Снаружи гаража не было и намека на то, что происходило внутри, зато внутри висел плакат с бородатыми лицами Маркса, Ленина и Троцкого, привезенный товарищем Хасинто из Монтевидео, где проходил слет троцкистских организаций. Вдоль стен громоздились кипы газеты «Вос обрера», еще не розданных листовок, воззваний, призывов к забастовкам. Стояли два продавленных кресла и несколько трехногих табуреток, на какие обычно присаживаются доярки или спириты. Лежали один на другом несколько тюфяков, накрытых грубошерстным покрывалом, – они тоже в случае надобности заменяли стулья. На полке, сложенной из кирпича и досок, томились несколько книг, запорошенных цементной пылью, а в углу стоял остов велосипеда – некогда трехколесного. Было так тесно, что даже от трети комитета создавалось впечатление кворума.
– Майта? – Мойзес, подавшись вперед на своем кресле-качалке, недоверчиво смотрит на меня.
– Майта, – говорю я. – Ты ведь помнишь его?
Он обретает прежнюю самоуверенность, а лицо его – улыбку.
– Разумеется! Как же мне не помнить… Но это интересно… Кто сейчас в Перу помнит Майту?
– Очень немногие. И вот из них-то я выжимаю воспоминания.

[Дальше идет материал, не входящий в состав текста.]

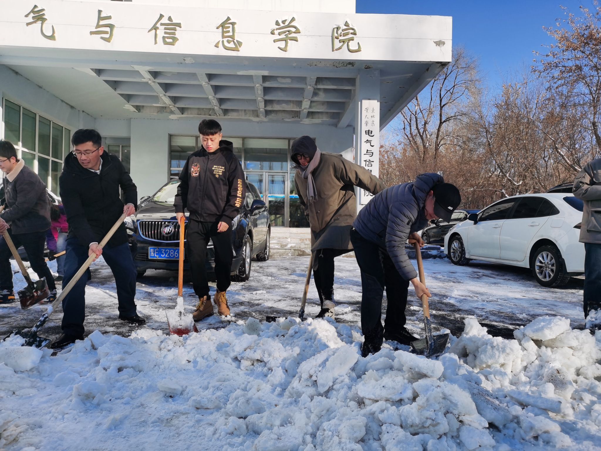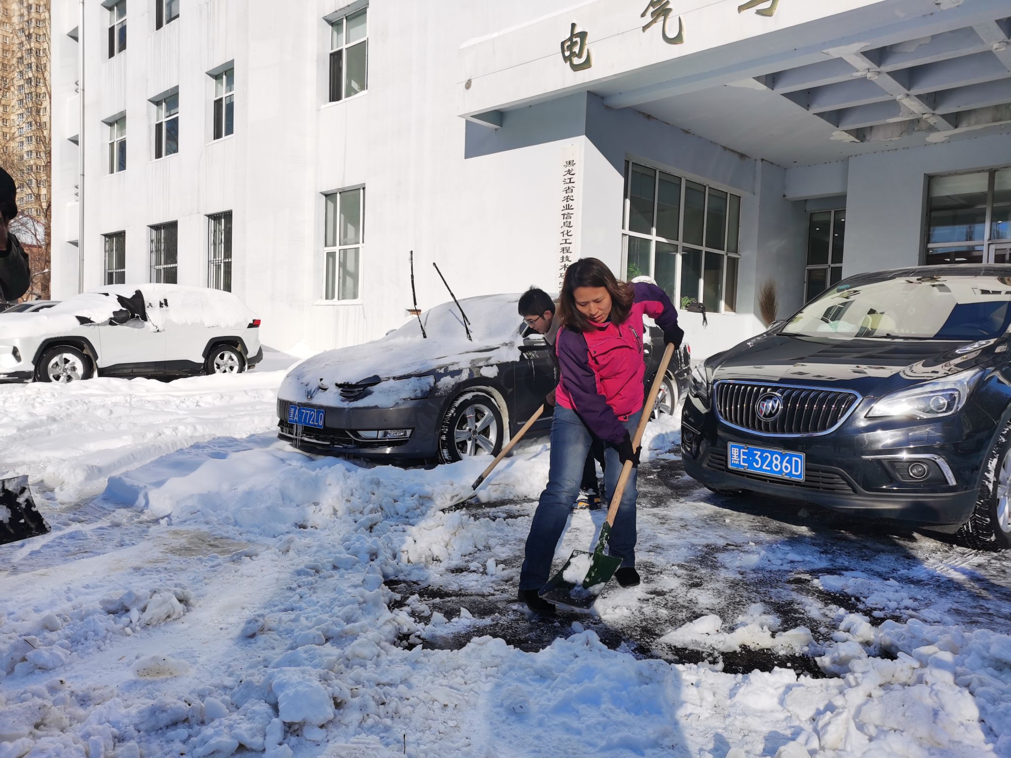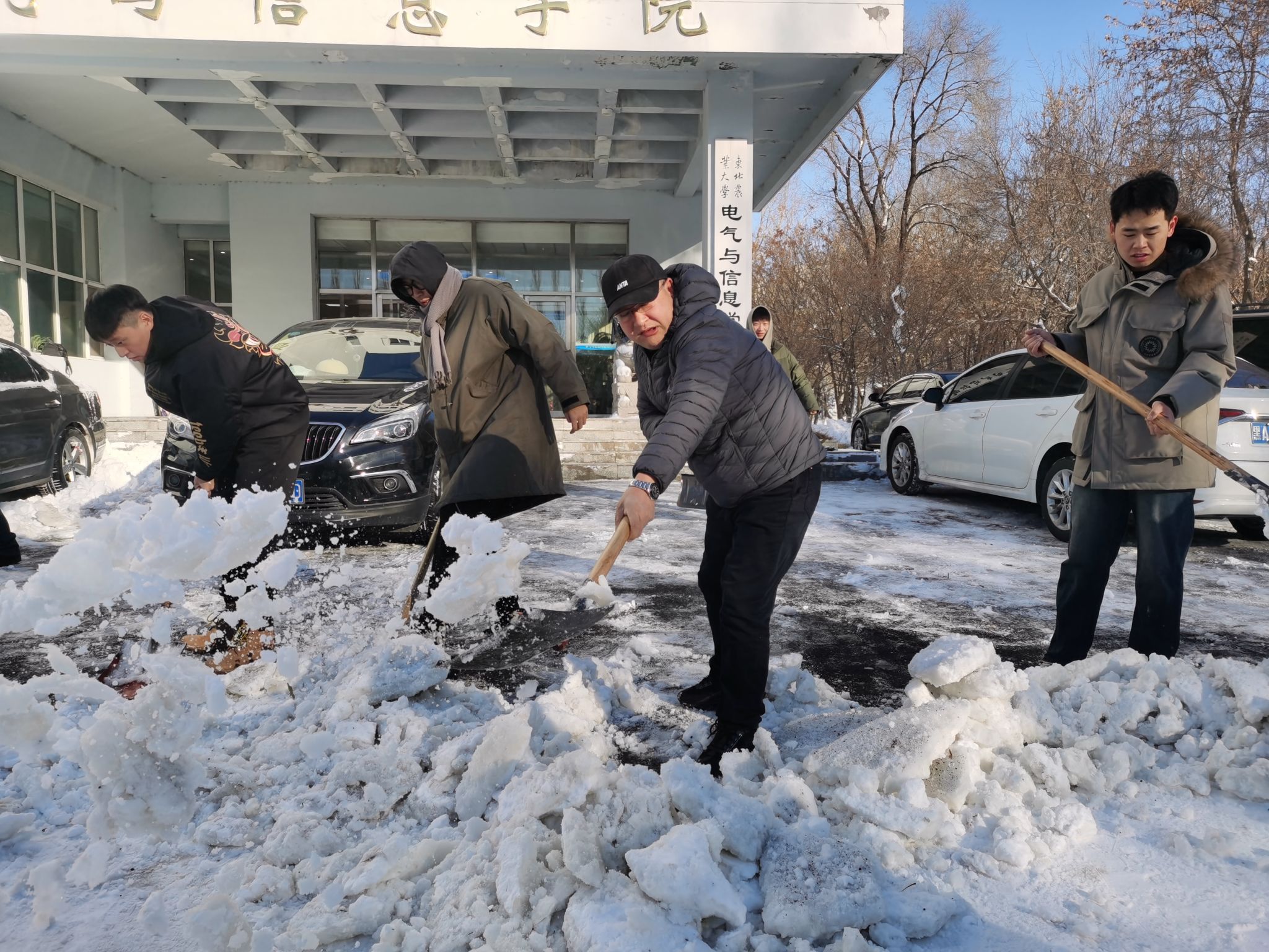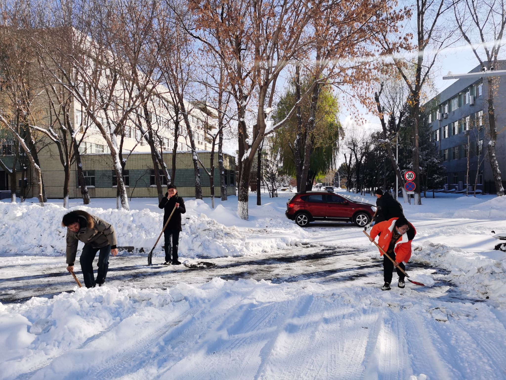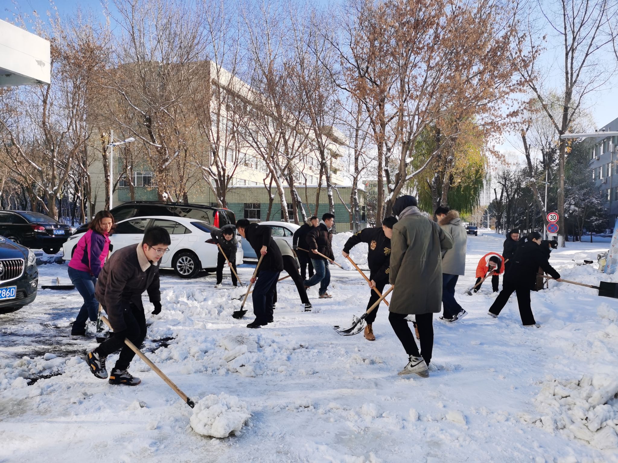 早上8点多,电信楼前东侧广场已经清理出来,后续清扫工作则交给学生劳动班级,以劳动教育课的形式继续完成。在大家清雪过程中,“有心”的摄影师记录下来大家靓丽的笑容和美丽的背影。

Хотя я знаю, что Мойзес мне поможет, потому что он человек отзывчивый, всегда готовый подставить плечо всем и каждому, но отдаю себе отчет, что для этого ему надо будет одолеть некий психологический барьер, сделать над собой усилие, а верней – совершить насилие, потому что они с Майтой когда-то были очень близки и крепко дружили. Не воспоминание ли о Майте беспокоит его здесь, в этом кабинете с книгами в переплетах, с картой Перу на пергаменте, с совокупляющимися инками в застекленной витрине? Не чувствует ли он себя не в своей тарелке от того, что приходится вновь говорить о тех деяниях и мечтаниях, которые когда-то разделял с Майтой? Не исключено. Даже я, не сумевший стать единомышленником и товарищем Майты, и то при воспоминании о нем испытываю известную неловкость – что же говорить о такой значительной фигуре, как директор центра «Действие ради развития»…
– Хороший был человек, – говорит он осторожно и смотрит так, словно хочет незаметно определить мое собственное отношение к Майте. – Идеалист с самыми добрыми намерениями. Только очень уж наивен и доверчив. Но, по крайней мере в отношении той злосчастной истории в Хаухе, совесть моя чиста. Я предупреждал, что он ввязывается в поганое дело, я уговаривал его еще раз все взвесить. Но все впустую, только зря время потерял, он же был упрям как мул.
– Пытаюсь восстановить его первые шаги в политике, – объясняю я. – Данных мало, разве что сведения о том, как он еще совсем мальчишкой, оканчивая колледж или уже учась в Сан-Маркосе, сделался апристом. А потом…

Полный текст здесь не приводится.